Financial Services and Markets Act 2000 Explanatory Notes

Schedule 3: Eea Passport Rights

783.This Schedule gives effect in UK law to the single markets in banking, investment services and insurance as provided for by the relevant directives: the 2nd Banking Co-ordination Directive, the Investment Services Directive and the Life and Non-Life Directives.

784.Under the directives, credit institutions (a term embracing both banks and building societies), investment firms and insurance companies (which includes friendly societies) with head offices in any member State of EEA (that is the 15 States of the EU plus Norway, Iceland and Liechtenstein) have rights to carry on certain activities in other member States by virtue of their home State authorisation.  These rights are often referred to as their “passport” and cover a range of financial services (some of which may only be conducted by firms which are authorised under these categories), which include deposit-taking, effecting and carrying out life or general insurance.

785.Under the 2nd Banking Co-ordination Directive, subsidiaries of credit institutions which meet certain criteria set out in article 18(2) of that directive may also have passport rights, and are therefore included in the definitions of “EEA firms” (persons from other member States who qualify for the passport into the United Kingdom) and “UK firms” (persons established in the United Kingdom who exercise their passport rights in other member States) in this Schedule.

786.The authorities in the member States, other than the home State, where these passporters are carrying on business under their passports (referred to as the host State authorities) may only impose limited regulations on the conduct of business under the passport, in accordance with the established principle of the “general good”.  This requires those rules to be proportionate, non-discriminatory and non-duplicative of home State rules with equivalent effect.  Conduct of business rules generally come within the host State remit.  The home State retains full responsibility for authorising the passporting firms and conducting their overall prudential supervision (that is, supervising their financial soundness and ensuring that they and their controllers are fit and proper to conduct such business).

787.The passport may be exercised in order to establish a permanent place of business, referred to in the directives as a “branch” irrespective of the number of sites involved, or in order to provide cross-border services without a permanent place of business.  Indeed the passport may be exercised in order to provide services, perhaps different services, by these two means in parallel.

788.The business activities covered by the passport do not necessarily correspond exactly to the activities which are regulated under the law of any member State, although certain activities, such as deposit-taking, insurance business or the core investment services defined under the Investment Services Directive, must be regulated, and will all be regulated activities under the order made under section 22.  There are therefore activities for which firms may have rights to conduct in other member States by virtue of the passport, but which are not necessarily central to the definition of those firms which qualify for the passport.  There may equally be activities which are covered by the passport, but which are not regulated activities in every member State.

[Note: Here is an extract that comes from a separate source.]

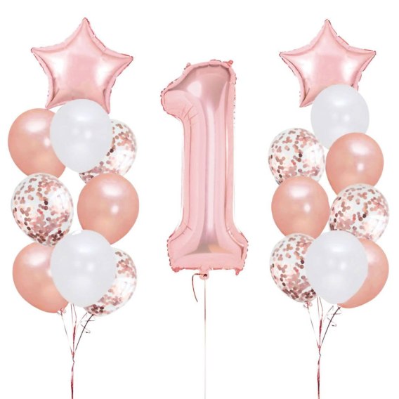 Zestaw balonów 1 Roczek rose gold, 19 el.
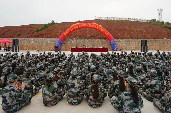 凉风送爽,秋意浓浓,9月12日下午4点,3000余名2015级新生在湖南化工职业技术学院新校区篮球场举行军训动员大会。学院副院长王为做军训动员报告,国防科技大学指挥官任通发表讲话,各系部主要负责人和新生辅导员等参加典礼。国防科技大学教官进行精彩的分列式表演。以下是一组图片报道。(宣传部 钟岩亮)

789.An example of an activity not regulated in every member State is lending.  Lending, in conjunction with deposit-taking, is a defining characteristic of what is a credit institution and therefore of those who may qualify for passport rights under the 2nd Banking Co-ordination Directive.  However, the directives do not require that lending should be regulated, though they do require the regulation of deposit-taking.  The passport under that directive therefore not only covers lending, but qualification for that passport depends on it being part of the business of the firm.  However, lending is not covered by the other directives (indeed, insurance companies are prohibited from carrying on the business of lending unless it is ancillary to their insurance business) and it does not need to be regulated by member States.  It is not currently a regulated activity in the United Kingdom, except to the extent that it falls within the scope of the CCA 1974.

790.This Schedule, in conjunction with section 31, therefore defines the firms from other EEA member States, which may qualify for authorisation via this route, and the procedures which, in accordance with the various directives, must be followed (see paragraphs 12 to 14 in Part II).  An EEA firm which fails to follow the correct notification procedure does not, however, commit an offence and their contracts are not rendered unenforceable in consequence (see paragraph 16).

791.Part III of the Schedule gives effect to the outward passport entitlements of UK credit institutions, investment firms and insurance companies.  For the reasons referred to above, those qualifying for the passport form a narrower class than all persons who have their head office in the United Kingdom and who are authorised by virtue of having a Part IV permission.  For example, not all banks and building societies are necessarily credit institutions, though the vast majority are.  Equally the definition of an investment firm for the purposes of the Investment Services Directive is restricted to a firm which is authorised to carry on the business of providing for third parties the core services defined under that directive.

792.Paragraphs 19 and 20 set out the procedure and conditions on which the Authority may grant the passport to those UK firms who qualify.  A UK firm which fails to follow the required notification procedures before establishing a branch or providing services in another member State commits an offence under paragraph 21.

793.The Schedule also gives the Treasury powers to make regulations governing the continuing regulation of both EEA firms and UK firms.

794.Paragraph 23 enables the Authority to intervene in respect of a UK firm’s consumer credit business in another member State.  Paragraph 24 similarly enables the Authority to intervene in the business carried on in other member States of subsidiaries qualifying for the outward passport under Article 18(2) of the 2nd Banking Co-ordination Directive.  Such subsidiaries need not be authorised persons in their own right.